May 26th, 2011
一回膜貫通ドメイン(TMDS)のオリゴマー化の傾向を評価するための効率的な手順が説明されています。 ToxRに融合されたTMDからなるキメラタンパク質は、大腸菌のレポーター株に発現されています。 TMD誘発性オリゴマーはToxR、転写およびレポータータンパク質の生産、-ガラクトシダーゼの活性化の二量体化を引き起こす。
次の実験の全体的な目標は、天然の膜環境におけるタンパク質、膜貫通ドメイン、またはT MDの靭帯化傾向を調査することです。

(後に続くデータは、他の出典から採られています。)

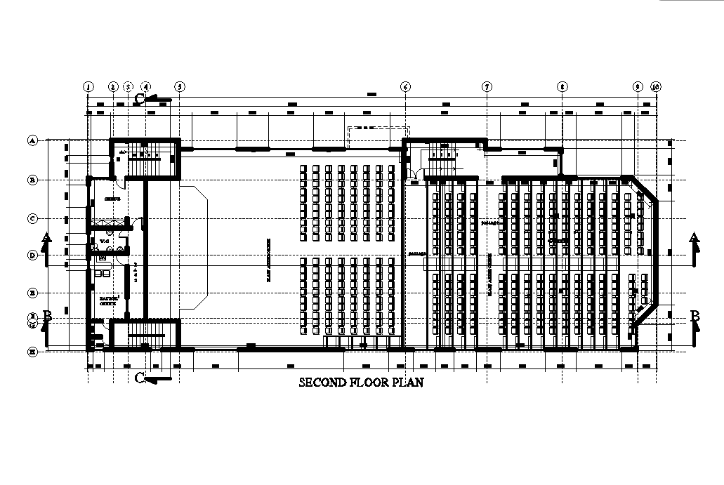 45x18m second floor church plan is given in this Autocad drawing file. This is G+2 church building. In the second floor part of main auditorium, stage, office room, band, main part 1 church auditorium, and one more stage is available. For more details download the Autocad drawing file. Thank you for downloading the Autocad drawing file and other CAD program files from our website.

これは、大腸菌の目的の膜貫通ドメインをキメラタンパク質として発現させ、マルトース結合タンパク質をペリプラズムおよび毒素に局在させることによって達成されます。転写レポーターとしてのRは、膜貫通ドメイン誘導靭帯化により、tox Rの二量体化およびLXi転写の活性化をもたらす第2のステップとして、細胞をONPGで溶解および処理し、ONPGで処理し、これはベータガラクトによって光吸収種OニトロホレートまたはONPに加水分解されます。
次に、ONPレベルは、405ナノメートルの光の吸収率を測定することにより定量化されます。膜貫通ドメインのレベルを決定するために、結紮術の結果は、tox Rレポーターアッセイに基づいて膜貫通ドメインの結紮傾向を明らかにします。この手法の主な利点は、SDSページや蛍光などの既存の生物物理学的方法よりも優れている点は、膜貫通ドメインの挙動が、洗剤などの膜模倣システムではなく、大腸菌での発現によって天然のリン脂質二重層で研究されることです。
この方法は、膜貫通ヘリックス会合に関与する主要な構造的特徴の解明など、膜タンパク質分野の重要な質問に答えるのに役立ちます このプロトコルの開始前に、必要なキメラタンパク質を発現する7つのプラスミドは、商業的に合成されたオリゴヌクレオチドから調製され、NHE 1とBMH1に隣接する目的のTDSを表します。プラスミドを調製した後の制限部位は、氷上でfhk 12コンピテントセルを穏やかに解凍します。解凍後、細胞を各血漿DNAの200ナノグラムの15ミリリットルの培養チューブに別々のチューブに移し、細胞を氷上で30分間インキュベートします。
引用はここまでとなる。